Question
Given a non-empty array of integers, return the k most frequent elements.
Example 1:
Input: nums = [1,1,1,2,2,3], k = 2 Output: [1,2]
Example 2:
Input: nums = [1], k = 1 Output: [1]
Note:
- You may assume k is always valid, 1 ≤ k ≤ number of unique elements.

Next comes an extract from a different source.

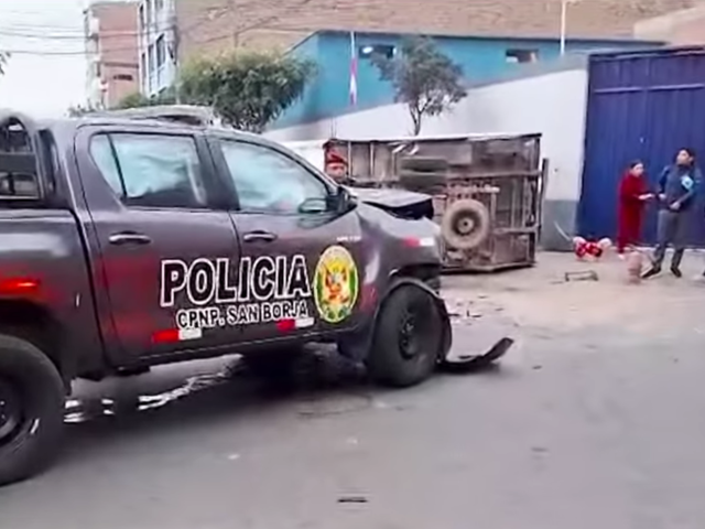 Un violento accidente de tránsito ocurrió en la intersección de los jirones Leonardo Barbieri y Manuel Iribarren, en el distrito de Surquillo. Un patrullero de la Policía Nacional del Perú (PNP), que trasladaba a un detenido a gran velocidad, impactó frontalmente contra una furgoneta dedicada a mudanzas, provocando alarma entre los transeúntes.

- Your algorithm's time complexity must be better than O(n log n), where n is the array's size.
Difficulty:Medium
Category:Bubble Sort
Analyze
Solution
Solution 1: 桶排序
// Bucket sort
// Runtime: 12ms > 99.14%
class Solution {
public:
vector<int> topKFrequent(vector<int>& nums, int k) {
vector<int> ans;
unordered_map<int, int> m_;
int max_freq = 1;
for (int& num : nums) max_freq = max(++m_[num], max_freq);
map<int, vector<int>> bucket;
for (auto& val : m_) bucket[val.second].emplace_back(val.first);
// Find the Top K frequent elements
for (int i = max_freq; i >= 1; --i) {
if (bucket.find(i) != bucket.end()) {
ans.insert(ans.end(), bucket[i].begin(), bucket[i].end());
if (ans.size() == k) return ans;
} else
continue;
}
return ans;
}
};
Solution 2: Quick Sort
// Bucket sort
// Runtime: 12ms > 99.14%
class Solution {
public:
vector<int> topKFrequent(vector<int>& nums, int k) {
vector<int> ans;
unordered_map<int, int> m_;
for (int& num : nums) ++m_[num];
priority_queue<pair<int, int>> q;
for (auto& val : m_) {
q.emplace(-val.second, val.first);
if (q.size() > k) q.pop();
}
// Find the Top K frequent elements
while (k--) {
ans.emplace_back(q.top().second);
q.pop();
}
return ans;
}
};